Starting at the line with "1) 980 : 7 = 140 (мест) - мест на балконе." and stopping at the final line, retype the data below exactly; do not carry over any pictures.

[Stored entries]
^^^^^^^^^^^^^^^^

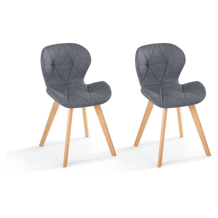 Lot de 2 chaises en tissu style scandinave pieds bois massif GAYA
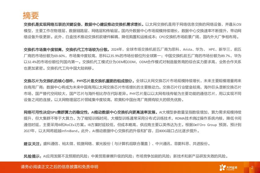 天风证券:AI算力系列之交换机:算力网络稳定“核心”,助力AI高效发展.pdf
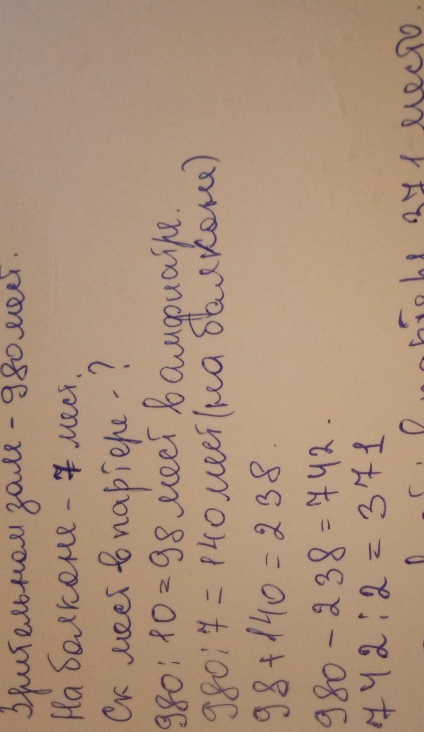 1) 980 : 7 = 140 (мест) - мест на балконе.
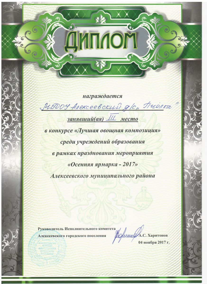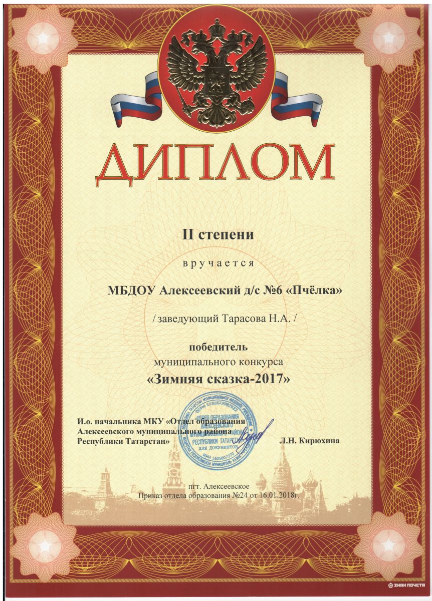 Диплом II степени победитель муниципального конкурса "Зимняя сказка - 2017"
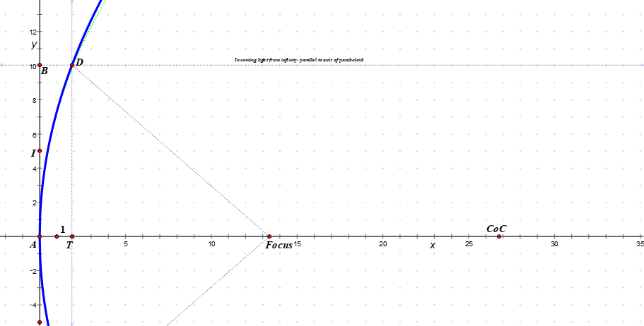 In my diagram, you can see a very thin line, parallel to the x-axis, coming in from a distant star (meaning, effectively at infinity), bouncing off the parabola, and then hitting the Focus.
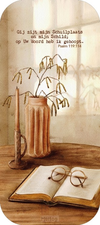- Op de boekenlegger staat de tekst uit Psalm 23:1: De HEERE is mijn herder mij ontbreekt niets.
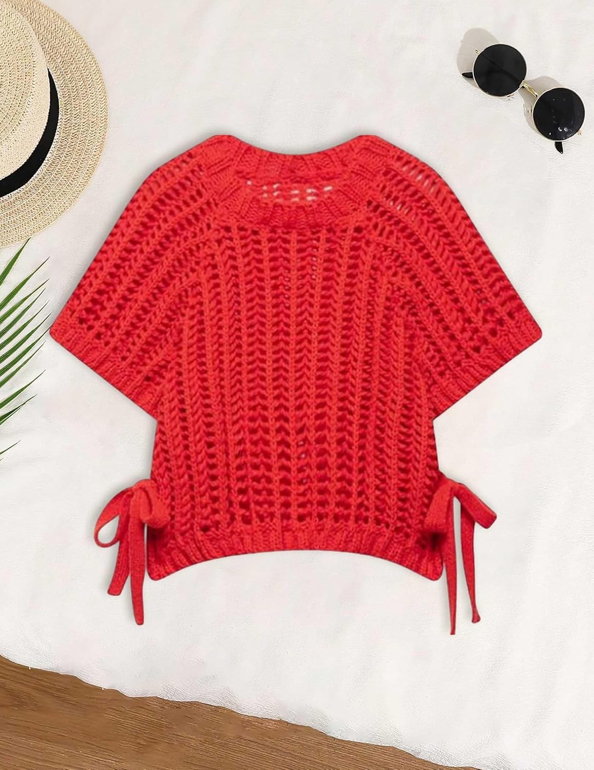 Stradata in Prua con Giubbotto per Maglione a Filo a cortola Sciolta a Corto di Maglia Autunno (Rosso m) (M Rosso)

^^^^^^^^^^^^^^^^

• Task result:
 1) 980 : 7 = 140 (мест) - мест на балконе.
 Диплом II степени победитель муниципального конкурса "Зимняя сказка - 2017"
 In my diagram, you can see a very thin line, parallel to the x-axis, coming in from a distant star (meaning, effectively at infinity), bouncing off the parabola, and then hitting the Focus.
- Op de boekenlegger staat de tekst uit Psalm 23:1: De HEERE is mijn herder mij ontbreekt niets.
 Stradata in Prua con Giubbotto per Maglione a Filo a cortola Sciolta a Corto di Maglia Autunno (Rosso m) (M Rosso)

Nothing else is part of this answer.